- [Data]
-=-=-=-=-

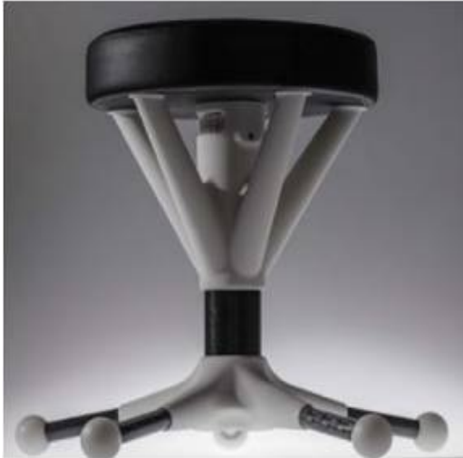
شكل (5) مقعد خفيف الوزن هجين بالاعتماد على تكنولوجيا التصنيع التقليدية وتكنولوجيا التصنيع بالإضافة (p98,3)

كما ويمكن بناء هياكل خفيفة الوزن بواسطة تكنولوجيا التصنيع بالإضافة بطريقة كاملة او حتى عن طريق الجمع بينها وبين طرق التصنيع التقليدية لخلق ما يسمى بالمنتجات الهجينة hybrid products من أجل استخدام مزايا كل تكنولوجيا لتحقيق اداء افضل. اذ وكما نلاحظ في الشكل التالي تم الجمع بين طباعة أجزاء من القاعدة وجميع القطع الموصلة مع طرق التنجيد التقليدية من أجل تقليل نسبة الوزن وتحسين الأداء من خلال احتساب الحد الادني من المواد لتحتمل أقصى وزن للجلوس في تصميم مقعد جلوس (p98,3).
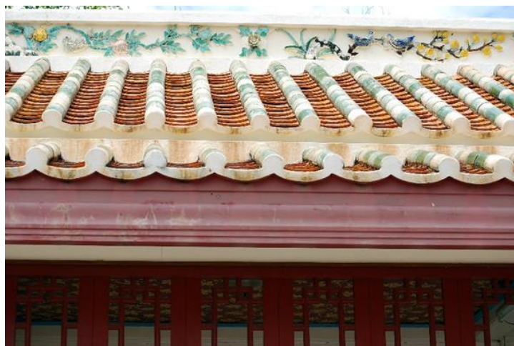
รูปภาพที่ 13 หลังคาทรงซ้อน วัดราชโอรสาราม

7. หลังคาทำเป็นแบบทรงซ้อนชั้นและชอยดัดพื้นแบ่งหลังคาออกเป็นส่วนๆ บริเวณดัดล่างของหลังคาซ้อนชั้นทำเป็นกันสาดโดยรอบ หน้าจั่วทรงสามเหลี่ยมก่ออิฐตันบางแห่งทำเป็นหน้าบันสองระดับมีลวดบัวคั่นแบ่งกลาง ฉาบปูนปั้นปูนประดับตกแต่งด้วยกระเบื้องเคลือบ ไม่มีไชราและไม่ประดับช่อฟ้า ใบระกา หางหงส์ นาคสะดุ้ง แต่จะปั้นปูนแทนเป็นหน้ากระดาน ทำเป็นหน้าบัน
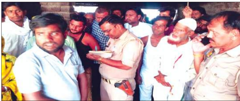
जांच पड़ताल करती पुलिस

-=-=-=-=-

- [Instructions for the task] In the data above, the line containing "รูปภาพที่ 13 หลังคาทรงซ้อน วัดราชโอรสาราม" and all lines after it are to be reproduced exactly, leaving out the pictures.

- [Exercise answer]
รูปภาพที่ 13 หลังคาทรงซ้อน วัดราชโอรสาราม

7. หลังคาทำเป็นแบบทรงซ้อนชั้นและชอยดัดพื้นแบ่งหลังคาออกเป็นส่วนๆ บริเวณดัดล่างของหลังคาซ้อนชั้นทำเป็นกันสาดโดยรอบ หน้าจั่วทรงสามเหลี่ยมก่ออิฐตันบางแห่งทำเป็นหน้าบันสองระดับมีลวดบัวคั่นแบ่งกลาง ฉาบปูนปั้นปูนประดับตกแต่งด้วยกระเบื้องเคลือบ ไม่มีไชราและไม่ประดับช่อฟ้า ใบระกา หางหงส์ นาคสะดุ้ง แต่จะปั้นปูนแทนเป็นหน้ากระดาน ทำเป็นหน้าบัน
जांच पड़ताल करती पुलिस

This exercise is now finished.